Sure enough, our data includes rows with negative values.

Wow! one country reported -348,846 cases in one day. That’s a major correction.

Inspecting the data again, we see that France is the culprit here. If we were a more serious observation with this data, the researcher would be obligated to assess the validity of by doing things as reviewing news reports about case COVID reporting corrections in France during 2021.

Now, when the original code uses `mutate()` to calculate death rates, it does not aggregate over `countriesAndTerritories` or `year`.

``````step3 %>%  mutate(d =(deaths*100)/cases) -> step4
``````

Therefore, when the code uses `ggplot()` with `geom(stat = "identity")` the y axis uses the values ​​of the individual observations, 3,231 at this point, and produces unexpected results.

## Corrected Version of Original Poster’s Chart

Here is the code that correctly analyzes the data, using the five countries selected by the original poster.

``````countryList <- c("France","Italy","Norway","Sweeden","Finland")
data %>%
filter(countriesAndTerritories %in% countryList) %>%
group_by(countriesAndTerritories,year) %>%
summarise(cases = sum(cases,na.rm=TRUE),
deaths = sum(deaths,na.rm=TRUE)) %>%
mutate(deathRate = deaths / (cases / 100)) -> summedData

# plot the results

ggplot(data = summedData,
aes(x=countriesAndTerritories, y=deathRate, fill=as.factor(year)))+
geom_bar(position = "dodge", stat = "identity")+
labs(x="Countries",y="Deaths Per 100 Cases", fill="year")+
ggtitle("Number of Deaths per 100 confirmed cases in each year")
``````

…and the output, which has death rates between 1 and 3.5%.

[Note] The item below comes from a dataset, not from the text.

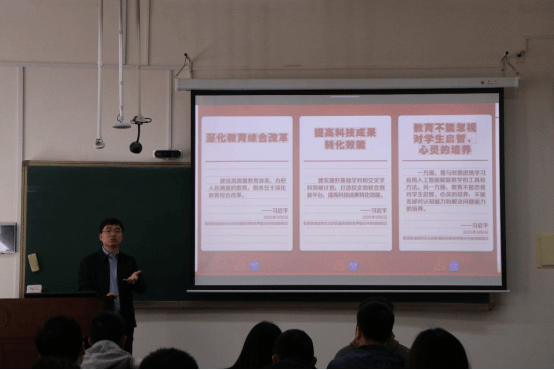 在科研创新成果方面,吕老师结合自身科研经历及课题主要讲述了飞行器非线性扩展多尺度有限元方法,多场耦合单元微分法,多场与多尺度分域自由单元一体化设计方法等三项创新成果,并在现场向同学们讲述了三种方法的优缺点及应用场景。最后,吕老师引用习近平总书记的经典话语,从教育工作者、科技工作者以及教书育人等多方面与同学们进行了讨论与交流。

Note that the data frame used to generate the chart has only

## Conclusions

First, it’s important to understand the details of the data we’re analyzing, especially when there are plenty of outside references such as worldwide COVID death rates.

Second, it’s important to understand what are valid observations in a data set, such as whether it’s reasonable for a data correction like the one France made in May 2021.

Finally, it’s important to conduct a face validity analysis of the results. Is it realistic to expect 400 people to die for every 100 confirmed COVID cases? For a disease with a worldwide death rate between 1 and 4%, probably not.